The truly serious attitude is one that regards art as a “means” to something that can perhaps be achieved only by abandoning art; judged more impatiently, art is a false way or (the word of the Dada artist Jacques Vaché) a stupidity.
Though no longer a confession, art is more than ever a deliverance, an exercise in asceticism. Through it, the artist becomes purified—of himself and, eventually, of his art.
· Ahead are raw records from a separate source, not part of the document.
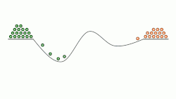 Surface binding energy oscillation also occurs to different extent with the various chemical surface species as defined by the γi-j parameter. For any non-unity γi-j system, the asymmetry in the surface energy profile results in conducting work to bias the reaction to a steady state away from equilibrium.[10] Similar to the controlled directionality of molecular machines, the resulting ratchet (device) energy mechanism selectively moves molecules through a catalytic reaction against a free energy gradient.[11]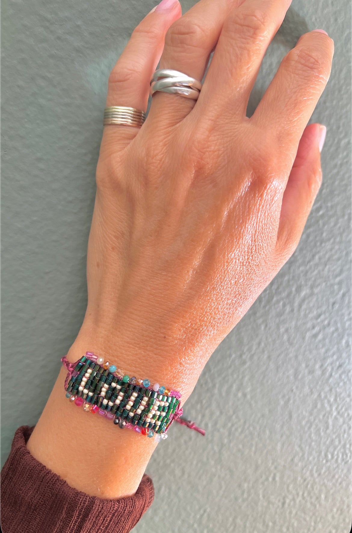Shine with LOVE! This elegant bracelet combines artisanal glass beads with a row of shimmering micro crystals. A perfect gift to someone special or as a luminous addition to your own collection.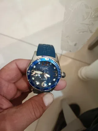 Orologio da polso Tatic con movimento al quarzo e cinturino blu. - Quadrante blu. - Cinturino in gomma blu. Perfetto e funzionante come nuovo diametro cassa 45 escluso corona ghiera girevole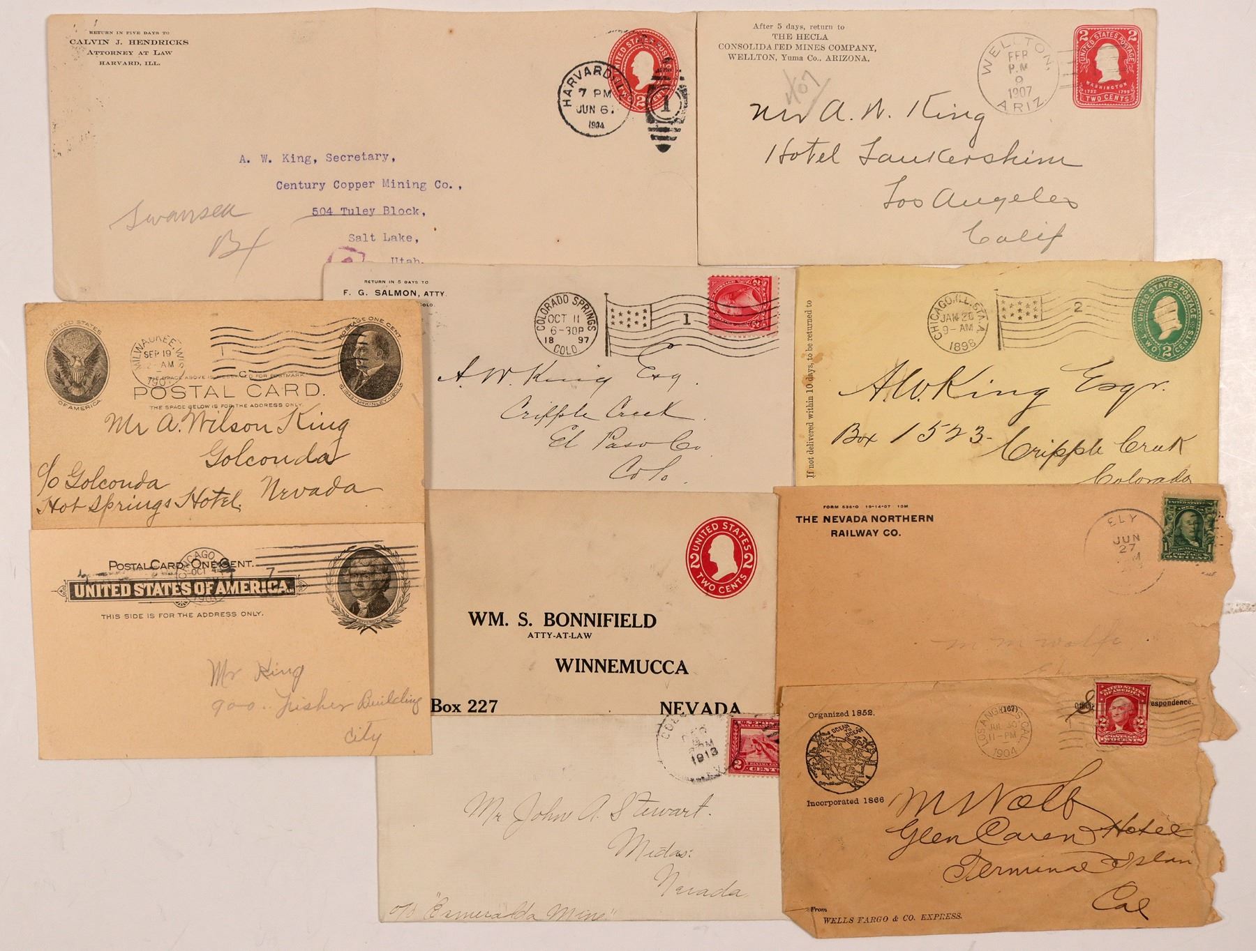 Lot of 10. 1) Corner advertising cover for the Nevada Northern Railway Co., Ely cancel. 2) 1913 cover to John A. Stewart at Midas, Nevada, c/o the Esmeralda Mine. 3) Cover to Wm. S. Bonnifield, attorney in Winnemucca. 4) Six pieces are addressed to AW King, a banker and mining man in Cripple Creek and Nevada: Colorado Springs corner advertising; Hecla Cons. Mines Co. Wellton, AZ corner advertising; etc. Heizer Estate

The artist (if not art itself) is still engaged in a progress toward “the good.” But whereas formerly the artist’s good was mastery of and fulfillment in his art, now the highest good for the artist is to reach the point where those goals of excellence become insignificant to him, emotionally and ethically, and he is more satisfied by being silent than by finding a voice in
Silence is the artist’s ultimate other-worldly gesture: by silence, he frees himself from servile bondage to the world, which appears as patron, client, consumer, antagonist, arbiter, and distorter of his work.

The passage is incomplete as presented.